(Beginning of Recorded information)
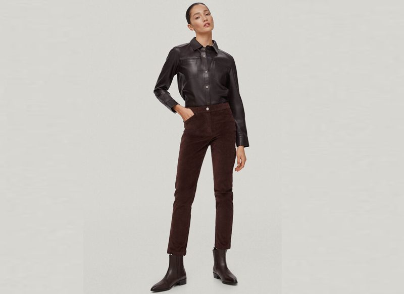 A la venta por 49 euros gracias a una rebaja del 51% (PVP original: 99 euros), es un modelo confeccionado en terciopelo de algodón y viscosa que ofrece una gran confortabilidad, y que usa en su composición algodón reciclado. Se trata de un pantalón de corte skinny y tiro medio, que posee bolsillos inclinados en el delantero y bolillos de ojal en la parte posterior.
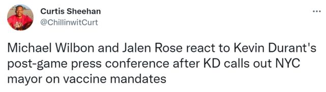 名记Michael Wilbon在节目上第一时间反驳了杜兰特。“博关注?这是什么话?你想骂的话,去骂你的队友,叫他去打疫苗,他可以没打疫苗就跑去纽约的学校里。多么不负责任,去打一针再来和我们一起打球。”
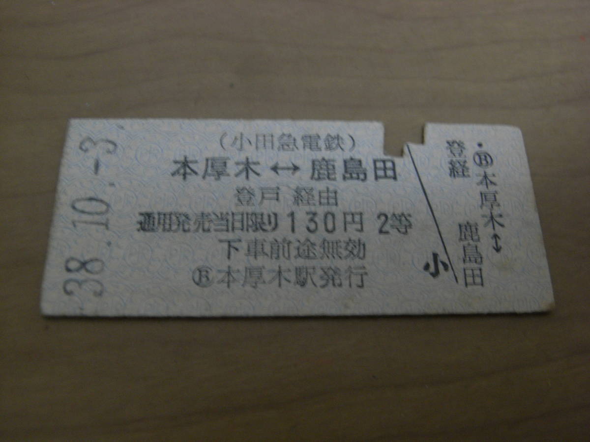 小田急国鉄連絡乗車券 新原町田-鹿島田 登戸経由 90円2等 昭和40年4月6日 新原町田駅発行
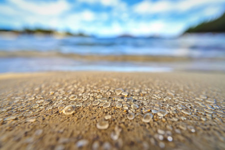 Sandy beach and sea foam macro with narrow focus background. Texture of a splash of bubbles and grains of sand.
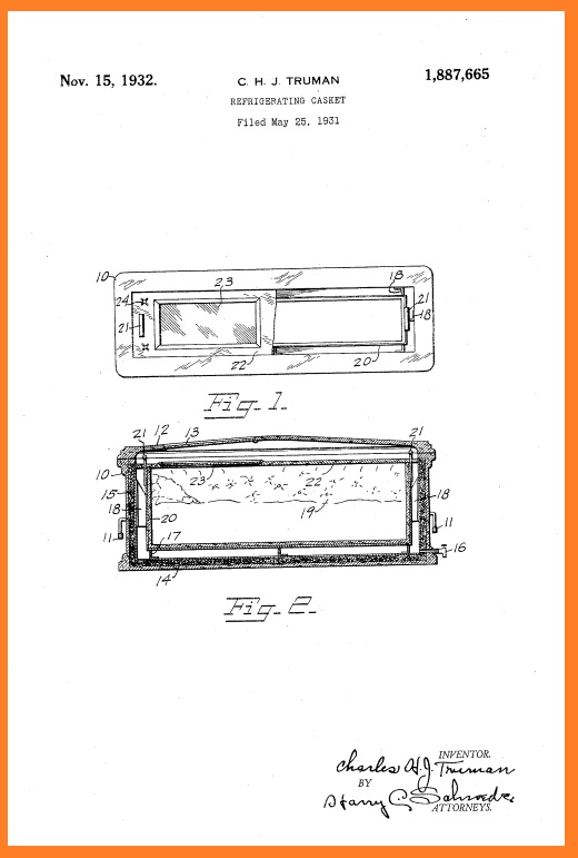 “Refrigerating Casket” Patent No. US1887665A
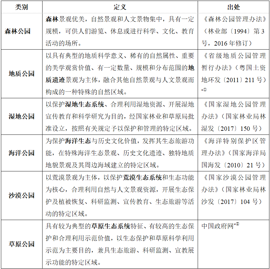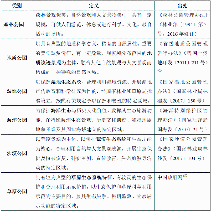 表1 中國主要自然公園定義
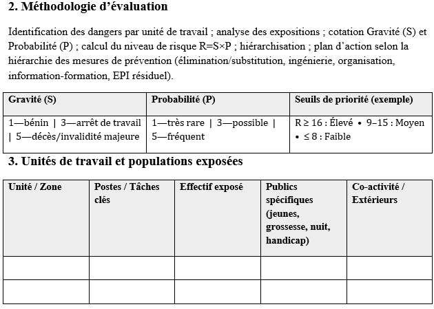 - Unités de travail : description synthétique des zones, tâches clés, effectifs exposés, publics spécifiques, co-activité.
(End of Recorded information)
= Work to be completed =
Each line above is to be copied verbatim. Drop any image from the copy.

= Solution =
 A la venta por 49 euros gracias a una rebaja del 51% (PVP original: 99 euros), es un modelo confeccionado en terciopelo de algodón y viscosa que ofrece una gran confortabilidad, y que usa en su composición algodón reciclado. Se trata de un pantalón de corte skinny y tiro medio, que posee bolsillos inclinados en el delantero y bolillos de ojal en la parte posterior.
 名记Michael Wilbon在节目上第一时间反驳了杜兰特。“博关注?这是什么话?你想骂的话,去骂你的队友,叫他去打疫苗,他可以没打疫苗就跑去纽约的学校里。多么不负责任,去打一针再来和我们一起打球。”
 小田急国鉄連絡乗車券 新原町田-鹿島田 登戸経由 90円2等 昭和40年4月6日 新原町田駅発行
 Sandy beach and sea foam macro with narrow focus background. Texture of a splash of bubbles and grains of sand.
 “Refrigerating Casket” Patent No. US1887665A
 表1 中國主要自然公園定義
 - Unités de travail : description synthétique des zones, tâches clés, effectifs exposés, publics spécifiques, co-activité.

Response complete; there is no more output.